Trump threatens Venezuela’s Maduro with ‘the easy way… or the hard way’

Donald Trump has warned Nicolás Maduro he can “do things the easy way … or the hard way” as Venezuela’s authoritarian leader responded to the growing US pressure campaign by urging followers to prepare to defend “every inch” of the South American country.

Dressed in woodland camouflage, Maduro said at a rally in the capital, Caracas, it was their historic duty to fight against foreign aggressors, just as Venezuelan liberation hero Simón Bolívar did two centuries ago.

“We must be able to defend every inch of this blessed land from any kind of imperialist threat or aggression, no matter where it comes from,” Maduro declared in his Tuesday address to the “revolutionary people of Caracas”.

“I swear before our Lord Jesus Christ, that I will give everything for the victory of Venezuela,” Maduro said, promising to protect the skies, mountains and plains of his country.

Related: US justice department memo on boat attacks diverges from Trump’s narrative

Speaking on Air Force One as he flew to Florida, Trump declined to explain the precise purpose of his four-month campaign against Venezuela, although many suspect it is designed to topple Maduro, who is understood to have stolen last year’s presidential election.

Officially, the huge US military deployment in the Caribbean Sea is part of a crackdown on Latin American drug traffickers “flooding” the US with drugs. Washington has accused Maduro of running one narco “cartel” – the “Sun Cartel”, which this week was designated a foreign terrorist organization – although many experts say the group does not actually exist.

“I’m not going to tell you what the goal is. You should probably know what the goal is,” Trump said of his crusade, indicating that he “might” talk to Maduro.

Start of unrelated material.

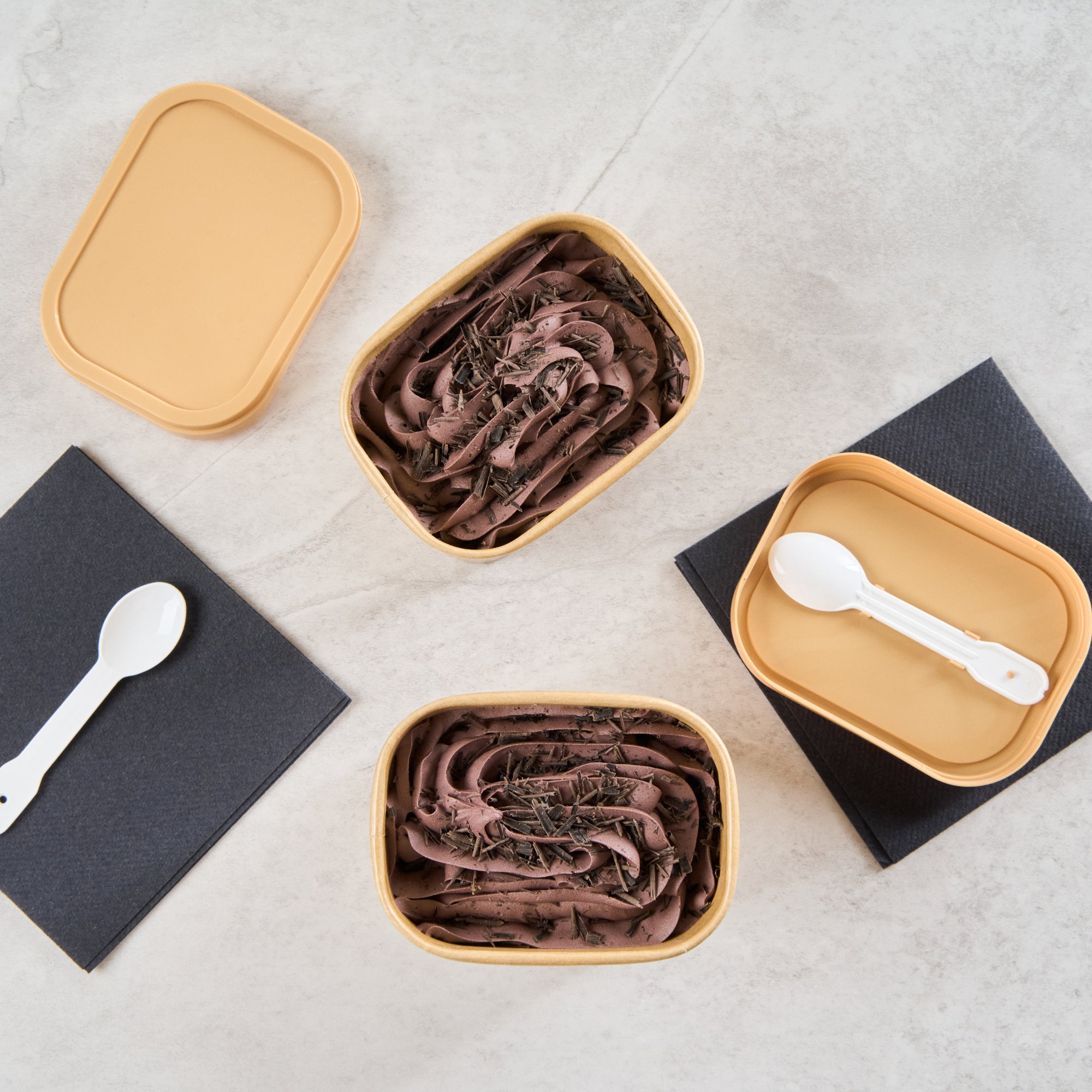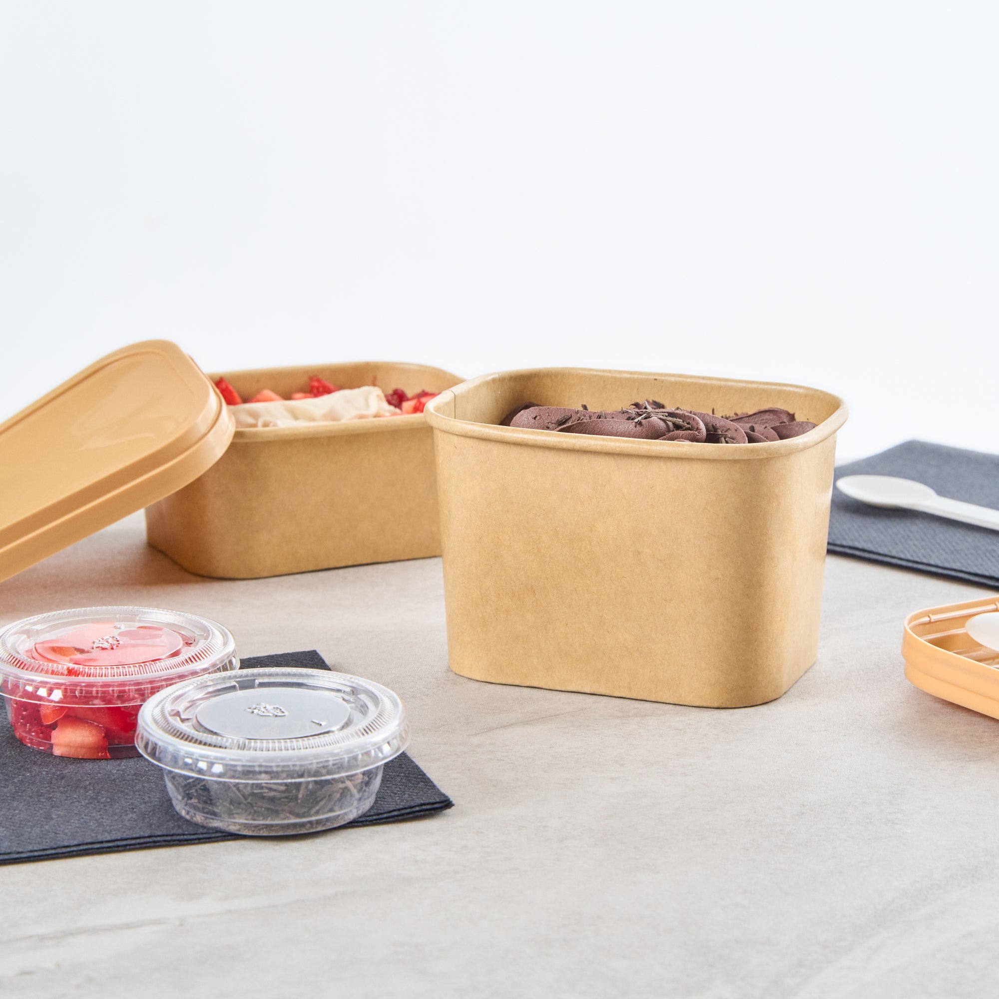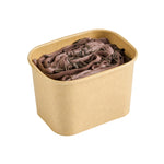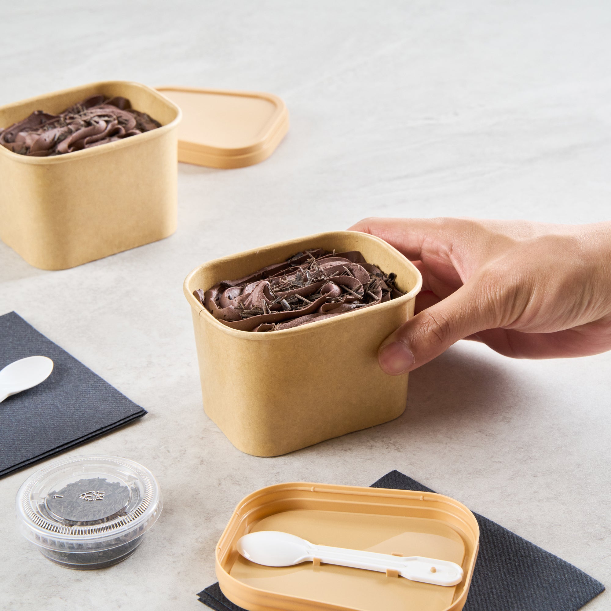Enhance your food presentation with our Coppetta 12-ounce Square Kraft Paper To Go Cups. These takeaway dessert cups feature a grease-resistant PE lining to keep oil from seeping through, ensuring a neat and tidy display. Designed to handle both hot and cold foods, these durable kraft paper cups are perfect for any menu item. The recyclable convenience of these disposable cups offers an eco-friendly choice for serving and presenting meals. With a rolled rim, these square ice cream cups securely hold coordinating lids (SKU: RWA1736W) for easy transportation. The natural kraft finish of these to go cups adds a rustic charm, ideal for soups, frozen yogurts, or fresh fruit salads. These freezer-safe cups allow you to refrigerate leftovers without compromising quality. Measuring 4.21 inches in length by 3.23 inches in width by 2.68 inches in height, these kraft paper cups have a 12-ounce capacity to accommodate generous portions. Sold in a 50 count box.

“If we can save lives, if we can do things the easy way, fine. And if we have to do it the hard way, fine too,” the US president told reporters.

Trump’s future plans for South America’s sixth largest country – and the nation with the world’s largest proven oil reserves – remain shrouded in mystery.

“Maduro and many of his cohorts consider US military threats a bluff,” a source in regular contact with top Venezuelan officials told the Wall Street Journal this week.

“Maduro believes the only way the United States can oust him is by sending troops to Caracas,” the person added.

Given Trump’s reluctance to send US troops into combat overseas, this seems highly unlikely. But many observers suspect that, after carrying out more than 10 deadly airstrikes targeting suspected drug-smuggling boats in the Caribbean Sea, Trump’s next move will be US strikes on Venezuelan soil.

“I think we’re going to start blowing things up. I think we have to do something because there’s too much force out there [in the Caribbean] not to do something,” said Douglas Farah, a national security adviser and Latin American expert who advised the US government on Venezuela during Trump’s first term.

Farah said that his biggest fear was that – even if the United States launched some kind of attack, perhaps targeting a major Caribbean port from which cocaine was smuggled – it would not succeed in overthrowing Maduro, just as Trump failed to overthrow him in 2019.

“[If that happens] Maduro will feel empowered. He will say: ‘Yes, I defeated the United States,'” said Farah. And any chance of the Venezuelan dictator leaving power “in some kind of orderly way will end again for another 10 years”.